WHAT THE EXERCISE ASKS » After finding the line containing "PTFE (Figure 4a)" below, please output that line and each following one through the line containing "Modern Teal White", exactly as written.

AVAILABLE DATA »

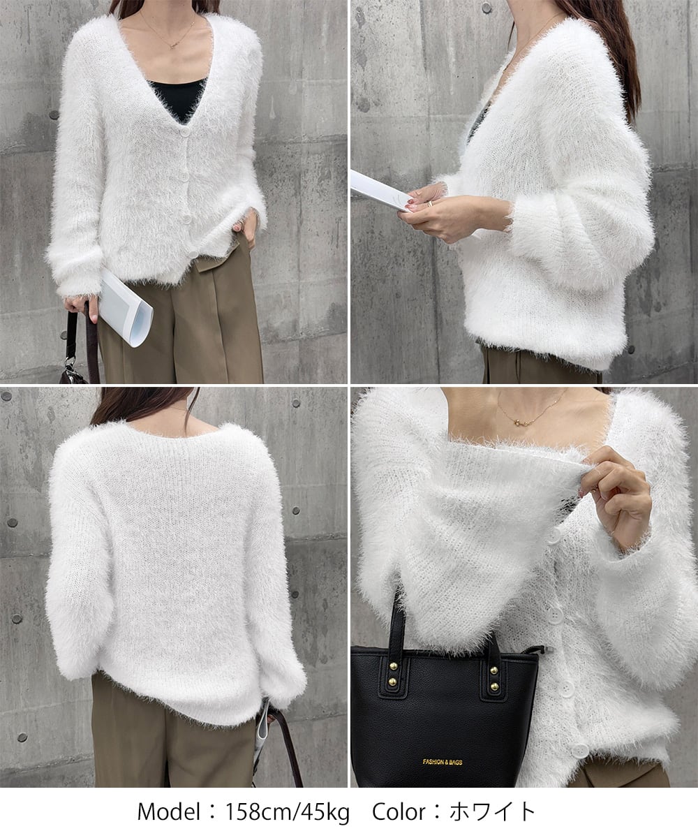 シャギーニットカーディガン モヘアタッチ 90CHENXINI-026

--

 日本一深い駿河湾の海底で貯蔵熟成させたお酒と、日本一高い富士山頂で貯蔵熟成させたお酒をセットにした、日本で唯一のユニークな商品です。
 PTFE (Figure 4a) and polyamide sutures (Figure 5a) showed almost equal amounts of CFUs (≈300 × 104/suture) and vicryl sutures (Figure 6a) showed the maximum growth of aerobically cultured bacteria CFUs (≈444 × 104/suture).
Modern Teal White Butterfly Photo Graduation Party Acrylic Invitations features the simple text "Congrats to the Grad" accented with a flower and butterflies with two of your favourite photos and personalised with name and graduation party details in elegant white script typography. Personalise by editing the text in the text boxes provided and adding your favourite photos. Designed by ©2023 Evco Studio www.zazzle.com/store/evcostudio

ANSWER TO THIS EXERCISE »
 PTFE (Figure 4a) and polyamide sutures (Figure 5a) showed almost equal amounts of CFUs (≈300 × 104/suture) and vicryl sutures (Figure 6a) showed the maximum growth of aerobically cultured bacteria CFUs (≈444 × 104/suture).
Modern Teal White Butterfly Photo Graduation Party Acrylic Invitations features the simple text "Congrats to the Grad" accented with a flower and butterflies with two of your favourite photos and personalised with name and graduation party details in elegant white script typography. Personalise by editing the text in the text boxes provided and adding your favourite photos. Designed by ©2023 Evco Studio www.zazzle.com/store/evcostudio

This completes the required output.